As escolas particulares em Goiás têm 46,65% de professores sem a formação específica para as disciplinas que ministram. É o que mostra o Censo da Educação Básica 2012, do Instituto Nacional de Estudos e Pesquisas Educacionais Anísio Teixeira (Inep) do Ministério da Educação (MEC). O presidente do Sindicato do Estabelecimento de Ensino no Estado de Goiás (Sinepe), Krishnaaor Ávila, questiona, no entanto, o levantamento. “Não sei se este índice procede”, desconfia, antes de admitir: “Mas a gente tem muitos professores sem formação específica para a matéria que leciona.”

Para o representante do Sinepe, o problema deve ser maior no interior do Estado. “No interior, acredito que possa acontecer, mas, na capital, este índice é muito insignificante. Nenhuma escola de Goiânia contrata professor, hoje, caso não tenha formação específica”, pondera.
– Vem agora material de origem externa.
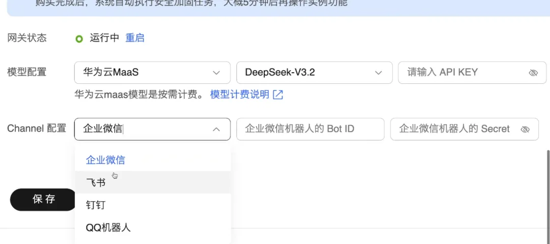 模型配置:可以直接使用华为云上的Maas服务GLM 模型等等DeepSeek
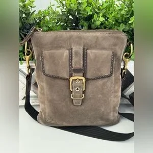 COACH VINTAGE Brown / Taupe Suede Hamilton Crossbody / Slingback Bag - EUC
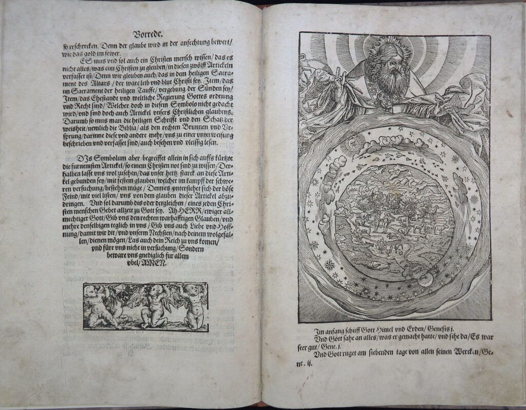 Die Titelbordüre des Werkes zeigt die zwölf Apostel auf einem Sockel stehend und stammt wohl von einem Cranach-Schüler. Das Blatt A4 zeigt einen nahezu blattgroßen Schöpfungs-Holzschnitt eines unbekannten Künstlers (Dodgson) nach Hans Brosamer.
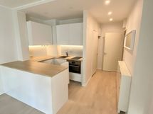 Keittiössä jääkaappi-pakastin, induktioliesi, erillisuuni integroidulla mikroaaltouunilla, liesituuletin, kalusteisiin integroitu astianpesukone sekä työtason LED-valot. Himmennettävät LED-spotvalot lasketussa katossa.
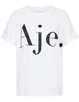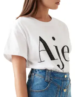 Aje Belmond Mini Skirt in Denim Blue Size 8 and Logo Tee White Print Size 6 Set

Krishnaaor acentua que o Conselho Estadual de Educação (CEE) exige a apresentação do quadro de profissionais com as respectivas qualificações, para renovar a autorização de funcionamento das escolas particulares.

Apesar de ter estourado em 2006 o prazo para que os professores tivessem formação qualificada e específica para a disciplina em que fossem lecionar, conforme estabeleceu a Lei de Diretrizes e Bases (LDB) da Educação, o presidente do Sinepe diz que, à época, não houve incentivo dos governos para a criação de cursos específicos. “Há pouco tempo o Ministério da Educação criou cursos para qualificar os professores”, ressalta.